Mode Expansions and Canonical Quantization

The previous page derived the classical Regge slope from a rotating open string. We now turn to the basic quantum-mechanical data of a free string: the Fourier modes of $X^\mu(\tau,\sigma)$ and their canonical commutation relations.

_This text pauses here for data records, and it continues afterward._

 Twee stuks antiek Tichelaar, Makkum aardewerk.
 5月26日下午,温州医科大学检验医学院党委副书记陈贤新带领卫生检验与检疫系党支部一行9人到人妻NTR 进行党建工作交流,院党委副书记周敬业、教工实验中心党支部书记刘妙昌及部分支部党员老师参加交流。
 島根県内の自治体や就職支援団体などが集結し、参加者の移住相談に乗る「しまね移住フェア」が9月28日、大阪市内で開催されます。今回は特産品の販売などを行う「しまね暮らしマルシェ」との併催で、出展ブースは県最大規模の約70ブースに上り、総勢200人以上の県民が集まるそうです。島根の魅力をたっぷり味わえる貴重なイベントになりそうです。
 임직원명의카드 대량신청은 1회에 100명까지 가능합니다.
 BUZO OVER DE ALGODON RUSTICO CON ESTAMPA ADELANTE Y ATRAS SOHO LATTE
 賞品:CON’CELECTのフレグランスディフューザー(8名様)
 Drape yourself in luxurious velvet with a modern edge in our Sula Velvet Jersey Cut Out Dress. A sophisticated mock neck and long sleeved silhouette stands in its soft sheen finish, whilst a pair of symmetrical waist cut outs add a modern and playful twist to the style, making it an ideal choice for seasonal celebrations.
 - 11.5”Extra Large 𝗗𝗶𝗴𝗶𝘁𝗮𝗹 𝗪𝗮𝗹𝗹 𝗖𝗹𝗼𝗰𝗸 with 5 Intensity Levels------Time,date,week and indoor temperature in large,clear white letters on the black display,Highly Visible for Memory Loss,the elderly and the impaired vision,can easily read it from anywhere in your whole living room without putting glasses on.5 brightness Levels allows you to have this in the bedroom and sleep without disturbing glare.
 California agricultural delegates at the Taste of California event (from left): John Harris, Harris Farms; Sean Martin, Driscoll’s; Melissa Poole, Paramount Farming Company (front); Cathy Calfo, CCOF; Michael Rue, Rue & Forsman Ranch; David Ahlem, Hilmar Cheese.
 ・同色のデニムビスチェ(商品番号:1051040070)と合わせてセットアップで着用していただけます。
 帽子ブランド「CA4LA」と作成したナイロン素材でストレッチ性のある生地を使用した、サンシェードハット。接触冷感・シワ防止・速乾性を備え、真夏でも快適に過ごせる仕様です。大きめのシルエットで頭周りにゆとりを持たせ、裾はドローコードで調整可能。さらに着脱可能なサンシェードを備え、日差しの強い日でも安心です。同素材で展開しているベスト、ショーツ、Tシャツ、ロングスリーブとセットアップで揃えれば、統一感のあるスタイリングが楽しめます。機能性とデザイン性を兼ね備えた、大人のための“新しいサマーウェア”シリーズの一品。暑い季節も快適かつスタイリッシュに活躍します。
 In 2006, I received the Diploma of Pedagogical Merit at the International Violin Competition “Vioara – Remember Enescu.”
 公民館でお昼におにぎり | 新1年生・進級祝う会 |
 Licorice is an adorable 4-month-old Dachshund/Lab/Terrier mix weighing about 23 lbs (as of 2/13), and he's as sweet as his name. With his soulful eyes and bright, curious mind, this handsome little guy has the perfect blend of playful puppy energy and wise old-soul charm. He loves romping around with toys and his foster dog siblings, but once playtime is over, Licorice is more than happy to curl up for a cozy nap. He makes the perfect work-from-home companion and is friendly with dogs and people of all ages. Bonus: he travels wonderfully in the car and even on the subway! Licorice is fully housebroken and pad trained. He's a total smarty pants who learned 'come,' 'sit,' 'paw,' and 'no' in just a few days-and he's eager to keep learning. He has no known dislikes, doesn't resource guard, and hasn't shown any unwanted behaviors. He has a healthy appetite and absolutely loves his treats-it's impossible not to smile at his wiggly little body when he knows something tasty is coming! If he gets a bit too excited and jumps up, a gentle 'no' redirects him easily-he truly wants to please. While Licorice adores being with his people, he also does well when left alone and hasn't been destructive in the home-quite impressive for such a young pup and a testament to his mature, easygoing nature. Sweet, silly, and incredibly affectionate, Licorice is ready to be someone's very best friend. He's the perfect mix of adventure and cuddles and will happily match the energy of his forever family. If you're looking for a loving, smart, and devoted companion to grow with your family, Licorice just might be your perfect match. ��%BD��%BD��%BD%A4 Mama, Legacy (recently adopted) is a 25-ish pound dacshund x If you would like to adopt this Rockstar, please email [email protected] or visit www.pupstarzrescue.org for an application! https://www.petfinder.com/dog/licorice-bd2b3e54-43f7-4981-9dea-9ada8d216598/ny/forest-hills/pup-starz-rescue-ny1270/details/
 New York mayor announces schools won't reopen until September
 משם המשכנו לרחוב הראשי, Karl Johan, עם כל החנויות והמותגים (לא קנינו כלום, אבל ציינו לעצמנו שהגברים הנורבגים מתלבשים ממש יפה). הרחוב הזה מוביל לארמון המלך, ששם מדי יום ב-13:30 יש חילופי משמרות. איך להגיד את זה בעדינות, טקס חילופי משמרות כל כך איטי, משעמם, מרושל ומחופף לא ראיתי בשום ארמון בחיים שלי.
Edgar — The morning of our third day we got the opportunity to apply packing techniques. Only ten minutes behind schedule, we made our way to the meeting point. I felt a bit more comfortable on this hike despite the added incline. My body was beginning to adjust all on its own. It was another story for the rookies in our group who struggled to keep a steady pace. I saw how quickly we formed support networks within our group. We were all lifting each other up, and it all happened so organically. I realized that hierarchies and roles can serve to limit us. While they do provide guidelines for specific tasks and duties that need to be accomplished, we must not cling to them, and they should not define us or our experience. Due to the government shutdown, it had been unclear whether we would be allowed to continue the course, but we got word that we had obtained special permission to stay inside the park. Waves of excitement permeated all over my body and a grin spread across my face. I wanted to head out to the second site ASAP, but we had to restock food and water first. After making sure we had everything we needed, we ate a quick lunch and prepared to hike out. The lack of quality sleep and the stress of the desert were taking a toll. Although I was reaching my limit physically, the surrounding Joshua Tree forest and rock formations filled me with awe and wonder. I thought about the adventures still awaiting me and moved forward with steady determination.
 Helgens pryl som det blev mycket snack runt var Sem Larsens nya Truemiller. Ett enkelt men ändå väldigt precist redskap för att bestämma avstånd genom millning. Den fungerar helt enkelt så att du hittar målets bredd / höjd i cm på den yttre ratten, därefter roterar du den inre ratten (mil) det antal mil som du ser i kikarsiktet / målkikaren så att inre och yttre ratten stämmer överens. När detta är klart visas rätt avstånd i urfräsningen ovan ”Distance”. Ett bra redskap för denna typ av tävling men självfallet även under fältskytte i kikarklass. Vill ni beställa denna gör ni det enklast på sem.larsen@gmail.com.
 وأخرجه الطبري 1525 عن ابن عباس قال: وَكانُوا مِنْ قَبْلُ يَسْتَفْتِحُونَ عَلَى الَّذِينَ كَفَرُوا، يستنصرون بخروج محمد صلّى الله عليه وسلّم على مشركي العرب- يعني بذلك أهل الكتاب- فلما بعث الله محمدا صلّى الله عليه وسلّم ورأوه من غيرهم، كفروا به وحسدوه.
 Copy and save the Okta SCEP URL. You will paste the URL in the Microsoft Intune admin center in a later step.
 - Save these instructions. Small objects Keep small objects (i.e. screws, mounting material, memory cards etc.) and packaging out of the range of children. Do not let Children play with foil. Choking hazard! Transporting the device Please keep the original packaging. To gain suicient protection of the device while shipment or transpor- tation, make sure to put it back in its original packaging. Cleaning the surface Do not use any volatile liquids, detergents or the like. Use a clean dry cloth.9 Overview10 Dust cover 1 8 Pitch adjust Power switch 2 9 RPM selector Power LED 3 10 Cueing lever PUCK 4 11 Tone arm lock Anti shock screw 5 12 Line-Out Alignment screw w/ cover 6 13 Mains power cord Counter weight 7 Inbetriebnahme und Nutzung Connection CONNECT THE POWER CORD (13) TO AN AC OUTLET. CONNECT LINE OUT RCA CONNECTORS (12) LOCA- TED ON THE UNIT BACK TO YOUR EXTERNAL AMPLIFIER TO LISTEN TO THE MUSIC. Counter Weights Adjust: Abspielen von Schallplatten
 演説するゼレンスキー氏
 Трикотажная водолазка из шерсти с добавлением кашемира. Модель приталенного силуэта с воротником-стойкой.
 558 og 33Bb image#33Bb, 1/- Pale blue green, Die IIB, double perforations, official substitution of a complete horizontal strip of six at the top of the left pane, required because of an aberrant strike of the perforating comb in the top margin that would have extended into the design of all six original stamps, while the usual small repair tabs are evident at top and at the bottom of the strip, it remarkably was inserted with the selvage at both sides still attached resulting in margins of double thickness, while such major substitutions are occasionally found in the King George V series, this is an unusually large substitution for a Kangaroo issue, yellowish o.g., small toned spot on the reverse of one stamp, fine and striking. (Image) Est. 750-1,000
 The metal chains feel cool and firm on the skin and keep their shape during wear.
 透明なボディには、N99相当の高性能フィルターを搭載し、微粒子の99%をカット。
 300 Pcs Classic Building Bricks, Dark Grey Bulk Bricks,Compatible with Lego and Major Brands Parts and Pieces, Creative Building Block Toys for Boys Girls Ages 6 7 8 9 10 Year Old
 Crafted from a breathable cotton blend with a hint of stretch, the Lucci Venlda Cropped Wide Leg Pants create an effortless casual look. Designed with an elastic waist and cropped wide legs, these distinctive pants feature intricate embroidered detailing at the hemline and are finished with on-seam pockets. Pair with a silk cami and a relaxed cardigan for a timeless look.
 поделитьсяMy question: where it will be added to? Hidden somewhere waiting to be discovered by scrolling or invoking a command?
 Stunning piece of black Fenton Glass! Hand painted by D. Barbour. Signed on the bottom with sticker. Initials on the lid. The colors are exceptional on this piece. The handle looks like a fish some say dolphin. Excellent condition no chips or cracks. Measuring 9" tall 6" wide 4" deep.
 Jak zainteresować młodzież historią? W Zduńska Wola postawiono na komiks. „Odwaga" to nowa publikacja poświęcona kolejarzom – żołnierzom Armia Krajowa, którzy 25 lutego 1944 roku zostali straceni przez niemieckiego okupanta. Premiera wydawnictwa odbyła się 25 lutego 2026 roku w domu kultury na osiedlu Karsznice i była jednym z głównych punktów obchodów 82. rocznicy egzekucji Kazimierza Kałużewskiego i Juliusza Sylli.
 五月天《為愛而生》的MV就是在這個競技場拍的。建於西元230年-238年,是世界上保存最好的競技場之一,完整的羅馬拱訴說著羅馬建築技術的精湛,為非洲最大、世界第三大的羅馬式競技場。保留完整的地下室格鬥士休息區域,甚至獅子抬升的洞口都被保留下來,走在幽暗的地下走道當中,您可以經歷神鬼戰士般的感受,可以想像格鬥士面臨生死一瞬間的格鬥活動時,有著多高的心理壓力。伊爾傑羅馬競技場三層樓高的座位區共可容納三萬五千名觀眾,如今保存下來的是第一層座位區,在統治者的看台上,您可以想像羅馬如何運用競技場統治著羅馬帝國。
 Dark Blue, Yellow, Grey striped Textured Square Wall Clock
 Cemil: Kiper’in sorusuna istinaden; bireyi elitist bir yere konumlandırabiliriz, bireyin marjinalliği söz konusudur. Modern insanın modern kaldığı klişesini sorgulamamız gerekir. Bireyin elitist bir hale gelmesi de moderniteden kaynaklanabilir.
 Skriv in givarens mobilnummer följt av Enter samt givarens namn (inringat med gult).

The central fact is simple but powerful. In conformal gauge the embedding fields obey the free two-dimensional wave equation, so every coordinate of the string decomposes into oscillator modes. Quantizing the string means quantizing those infinitely many oscillators. The Virasoro constraints then select the physical states from the resulting Fock space.

Conventions

For closed strings we use

$$0\leq \sigma <2\pi, \qquad X^\mu(\tau,\sigma+2\pi)=X^\mu(\tau,\sigma),$$

while for open strings we use

$$0\leq \sigma\leq \pi.$$

The target-space metric is mostly plus,

$$\eta_{\mu\nu}=\operatorname{diag}(-,+,\ldots,+),$$

and the tension is

$$T=\frac{1}{2\pi\alpha'}.$$

We keep $\alpha'$ explicit.

Closed strings on the cylinder

In conformal gauge, the Lorentzian Polyakov action for a closed string in flat spacetime becomes

$$S=\frac{1}{4\pi\alpha'}\int d\tau\,d\sigma\, \left(\dot X^2-X^{\prime 2}\right),$$

where

$$\dot X^\mu=\partial_\tau X^\mu, \qquad X^{\prime\mu}=\partial_\sigma X^\mu.$$

The equation of motion is the two-dimensional wave equation

$$(\partial_\tau^2-\partial_\sigma^2)X^\mu=0.$$

For a closed string the worldsheet is a cylinder: at fixed $\tau$, the coordinate $\sigma$ parametrizes a circle.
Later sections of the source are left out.